## [Data to use]
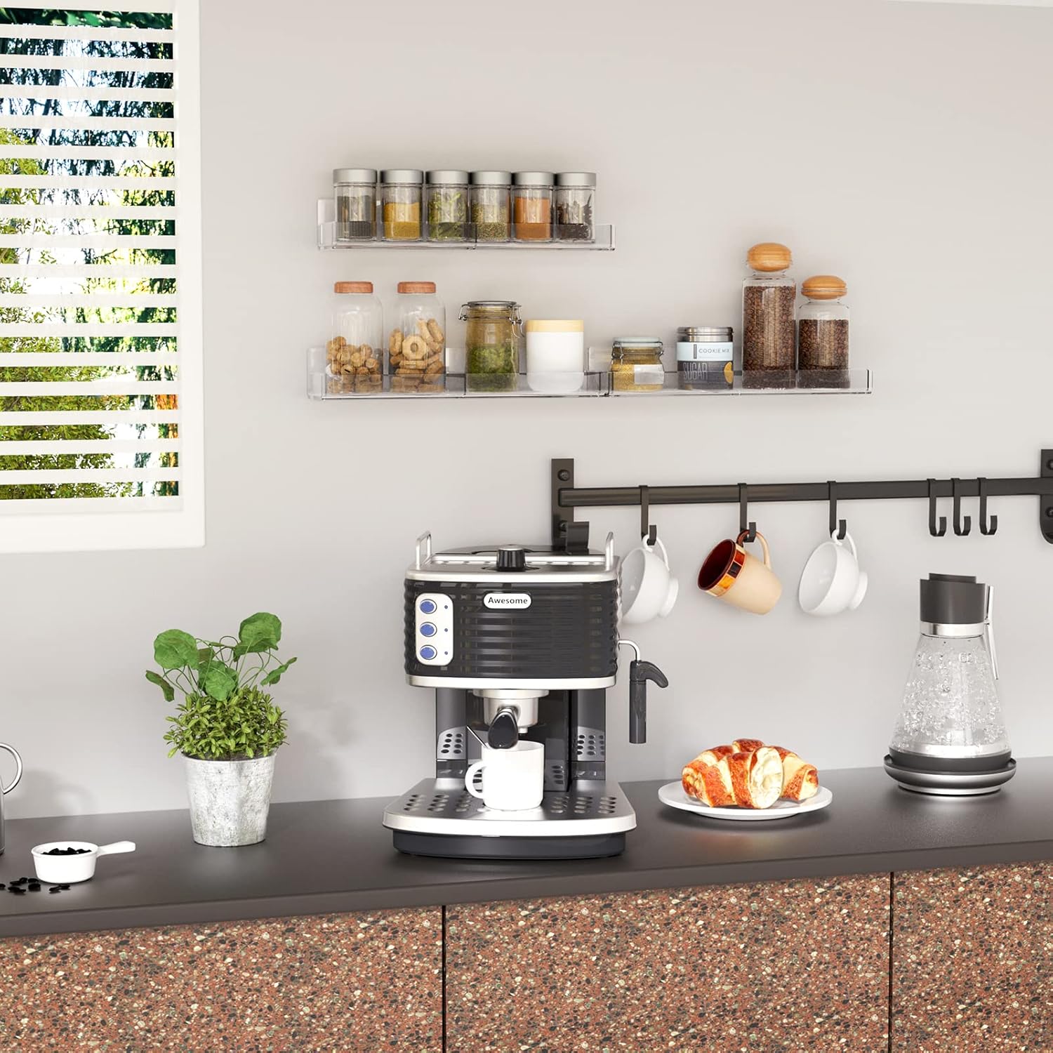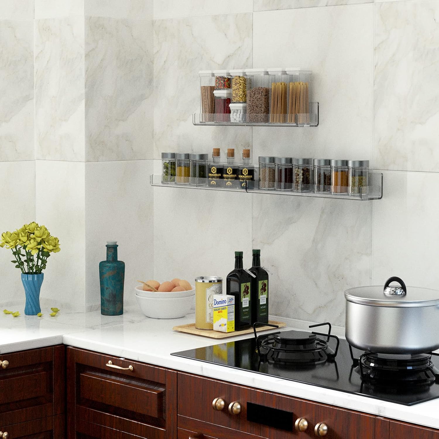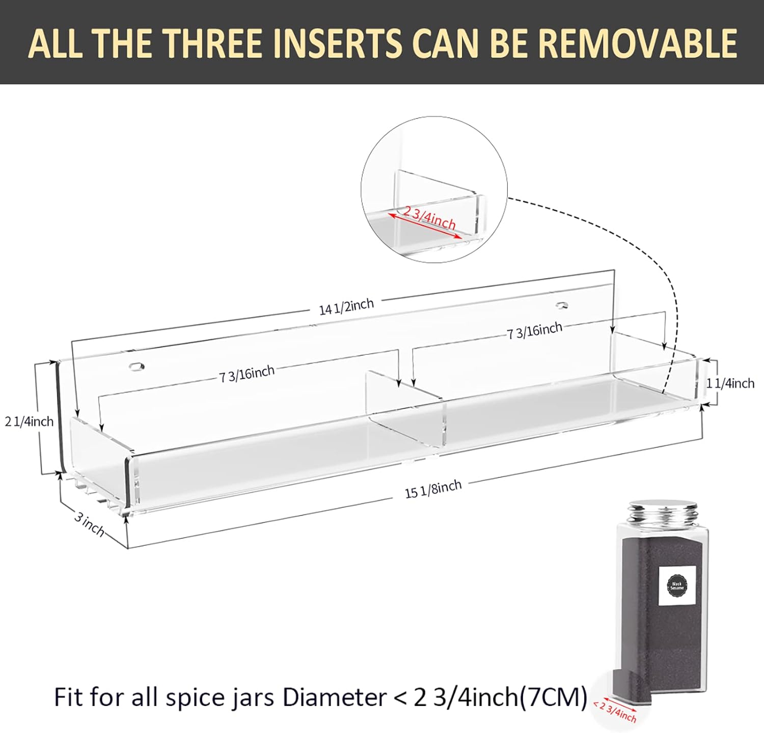 - Unique Design: 4mm super clear acrylic material. The spice racks would be very sturdy and can hold up to 15Lbs. The wall mount spice racks offer clear side inserts to prevent your spice jars from falling off. We also offer an extra insert for each acrylic shelf. You can insert it in the rack middle to be a divider to distinguish different spice jars. Square one or round one. The racks are all seperated that you can adjust the distance according to your jars' height.
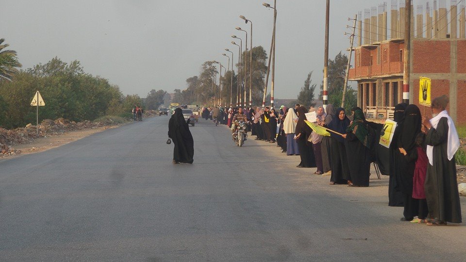 نظم رافضو الانقلاب العسكري في محافظة "الشرقية"، سلسلة بشرية على طريق "ههيا - الزقازيق"، في قرية العدوة، مسقط رأس...
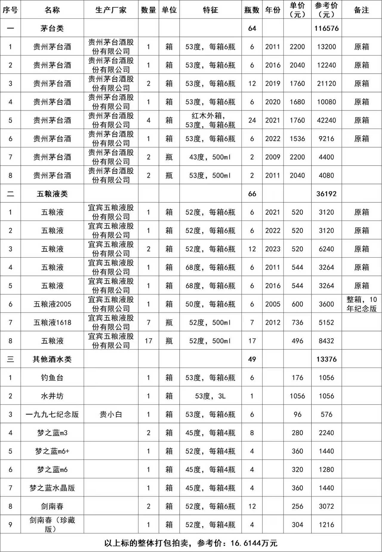 1、貴州茅臺(tái)酒計(jì)64瓶、五糧液酒計(jì)66瓶及其他類酒水計(jì)49瓶,整體打包拍賣,參考價(jià):16.6144萬(wàn)元,競(jìng)買保證金:2萬(wàn)元。標(biāo)的詳情見(jiàn)下方清單:
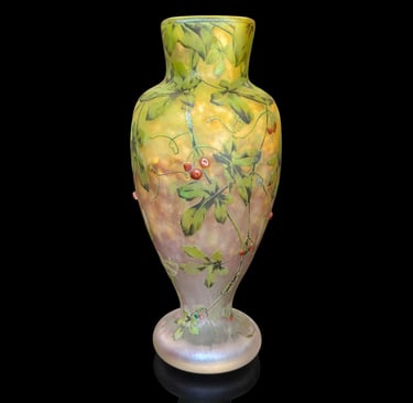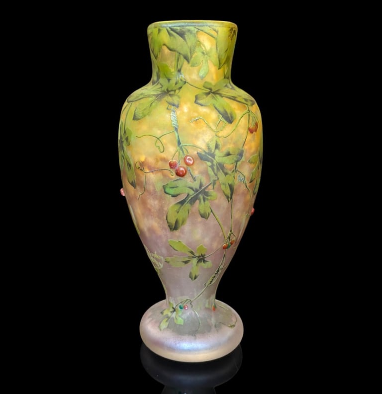 La sélection présentée rassemble des vases en verre français du début du XXe siècle, représentatifs des courants Art Nouveau et Art Déco. L’accent est mis sur la richesse des décors, la maîtrise des techniques verrières — notamment le verre multicouche — et la qualité des finitions. Ces vases sont attribués ou signés par des maisons et verriers de premier plan, emblématiques du savoir-faire verrier français.
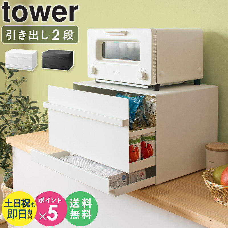 【2大特典つき】 [ ブレッドケース タワー 引き出し型 2段 tower 山崎実業 ] パンケース パン入れ ブレッドボックス キッチン収納 カウンター上収納 食パン お菓子 ストッカー おしゃれ ブラック ホワイト 1857 1858 公式 netc5
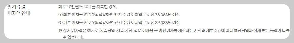 그리고 예를 들어 매주 10만원씩 40주를 저축했을 때의 만기 수령이자에 대해서 알아보겠습니다.
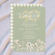 Celebrate in style with this elegant 40th Surprise Birthday Party Invitation, designed to keep the big day a secret until the very last moment. The design features the words “Shhh, it’s a Surprise” in a graceful script font, with “party” beneath and a shimmering golden “40” glowing softly in the background. A delicate border of watercolor white wildflowers and green leaves frames the bottom, all set against a soft green background for a refined, timeless look. The party details are displayed in a crisp white serif font, ensuring easy readability and sophistication. Perfect for family members, this invitation allows every detail—name, date, address, and RSVP—to be customized with ease.

## [About this exercise]
In the listing above, find the line containing "1、貴州茅臺(tái)酒計(jì)64瓶" and the line containing "1858 公式 netc5". Print those two lines and every line between them exactly, with no pictures.

## [Finished task]
 1、貴州茅臺(tái)酒計(jì)64瓶、五糧液酒計(jì)66瓶及其他類酒水計(jì)49瓶,整體打包拍賣,參考價(jià):16.6144萬(wàn)元,競(jìng)買保證金:2萬(wàn)元。標(biāo)的詳情見(jiàn)下方清單:
 La sélection présentée rassemble des vases en verre français du début du XXe siècle, représentatifs des courants Art Nouveau et Art Déco. L’accent est mis sur la richesse des décors, la maîtrise des techniques verrières — notamment le verre multicouche — et la qualité des finitions. Ces vases sont attribués ou signés par des maisons et verriers de premier plan, emblématiques du savoir-faire verrier français.
 【2大特典つき】 [ ブレッドケース タワー 引き出し型 2段 tower 山崎実業 ] パンケース パン入れ ブレッドボックス キッチン収納 カウンター上収納 食パン お菓子 ストッカー おしゃれ ブラック ホワイト 1857 1858 公式 netc5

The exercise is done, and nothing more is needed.